Because iql.viz.stream should be able to run without a server, the app cannot make async http requests for these data files. Instead, all of the previously mentioned data files are turned into Javascript source files via a simple script and required in the app's index.html. See `makefile` and `index.html` in this repo for more information on how this is done.

### Considerations regarding browser memory limits

Each browser tab in Chrome is limited to about 2 GB. This has varied across time with different versions of Chrome. There is no way to change this. Other apps face this same issue. [See Figma](https://help.figma.com/hc/en-us/articles/360040528173-Reduce-memory-usage-in-files).

There are also other gotchas regrading memory. There are size limits on single Javascript source files and size limits on single objects in source files. So it's not a great idea to try and throw all of the data needed by the iql.viz.stream app into one big object in one file. The current approach of multiple data files might be better.

All of the data files required by the app have to reside in memory contributing to the 2 GB limit. All of the samples are decompressed and reside in memory so that scrubbing through iterations can be smooth. The models however are only reified when needed to simulate from a particular cluster on the ensemble-detail page. Generally, the app stays under the memory requirements even with large datasets such as the full Beat19 dataset—using less that 1.5 GB memory.

### Initial app load time

The initial app load time is mostly due to decompressing all the samples in `transitions-sample.js` using lz-string. This necessary because smooth scrolling through transitions using the primary app slider would not be possible unless all the samples are available in memory.

## Other misc design considerations

### Clickable clusters in Javascript program text

This feature currently works via the following steps.
- Use highlight.js to go from Javascript-program-string to html with special tags for syntax highlighting.
- Html from highlight.js is turned into hiccup and traversed to add additional div tags around cluster text to make them clickable.
- Hiccup is turned back into html and inserted into the dom.

Some alternatives were considered but were passed up.
- Alternative: Edit parser in highlight.js to add additional tags for clusters.
- Alternative: Use Codewarrior to display Javascript program text. However, Codewarrior can only highlight specific lines of the program but not specific blocks of the code.

### Styling
The Re-com library makes it easy to style re-frame components in-line. Unfortunately, not all of the app's components are styled in-line. Some are styled in the `style.css` file.

## Various useful bits

### Schemas for data
The app has a number of specs that can be used to understand the app.

- src/inferenceql/viz/stream/db.cljs
- This is where the state for all app interaction is stored.

- inferenceql/viz/stream/store.cljs
- This is where the defs from the global namespace are brought into the app.

- inferenceql/viz/stream/config_spec.cljs
- This is where specs for the app config are stored.

### Build levels

The app supports various levels of compilation similar to iql.viz, including using Figwheel to live develop the app.

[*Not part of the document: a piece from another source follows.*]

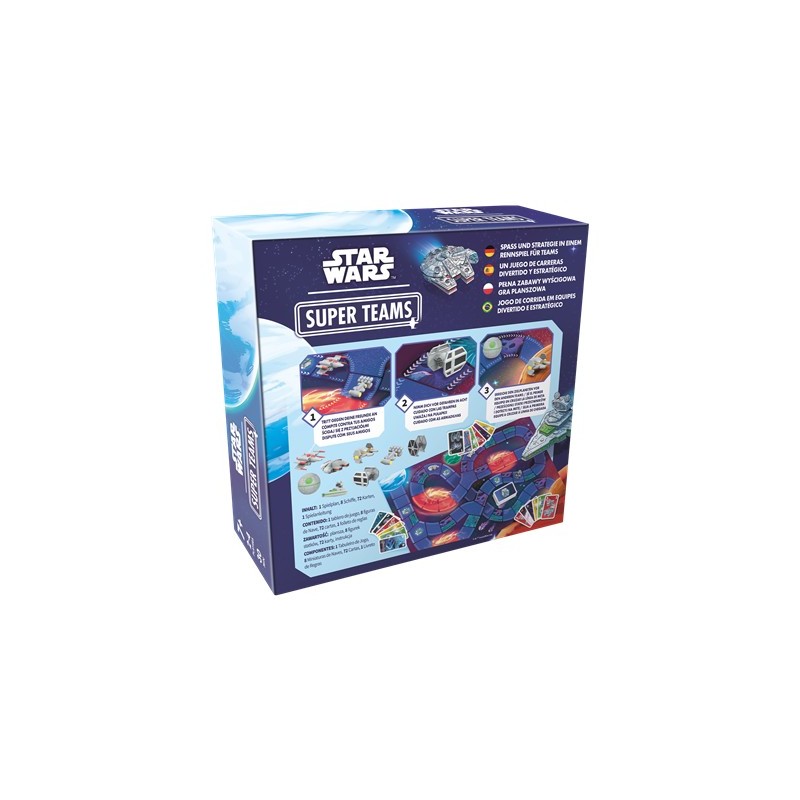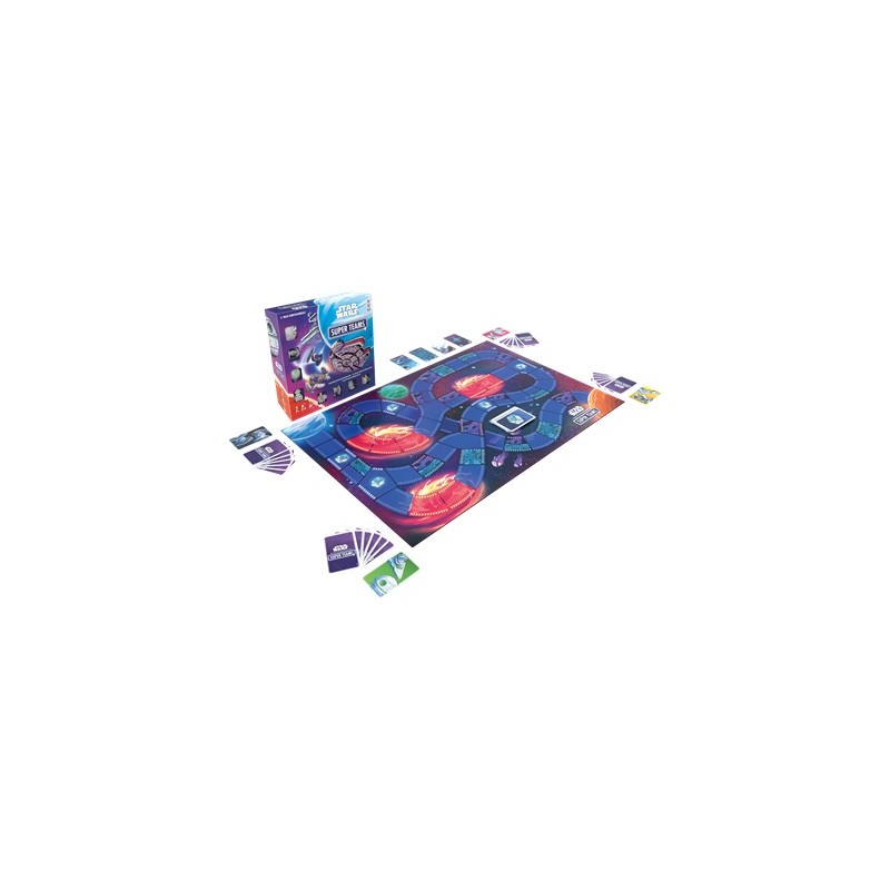 Découvrez le jeu de société Star Wars Super Teams, une aventure intergalactique pour les fans de tous âges. Le jeu est présenté dans une boîte colorée ornée du célèbre Faucon Millenium. À l'intérieur, un plateau vibrant avec des routes spatiales attend, accompagné de vaisseaux célèbres comme les chasseurs TIE et l'Étoile de la Mort pour une véritable expérience de bataille spatiale.

See [this document](https://docs.google.com/document/d/1EKhsDC1xRhSAYV2p_mUxr30Tn0L93CTTMCIbsez4DmA/edit?usp=sharing) for more info on the various build levels.

See the `makefile` for more details on all the following build commands.

- make js, js-advanced, js-advanced-min.
- make figwheel, make figwheel-10x

### Debugging

The `dvc-stream.yaml` pipeline in iql.automodeling uses the `make js-advanced-min` build command which is difficult to debug due to code minification and CLJS advanced compilation.

Try the following for better debugging.

- Use `make js` to build without minification or CLJS advanced compilation.
- Add `:enable-debug-interceptors true` to config.edn.
- This shows changes to the database in the browser console.
- Try `make figwheel-10x` to build which launches the app with re-frame-10x.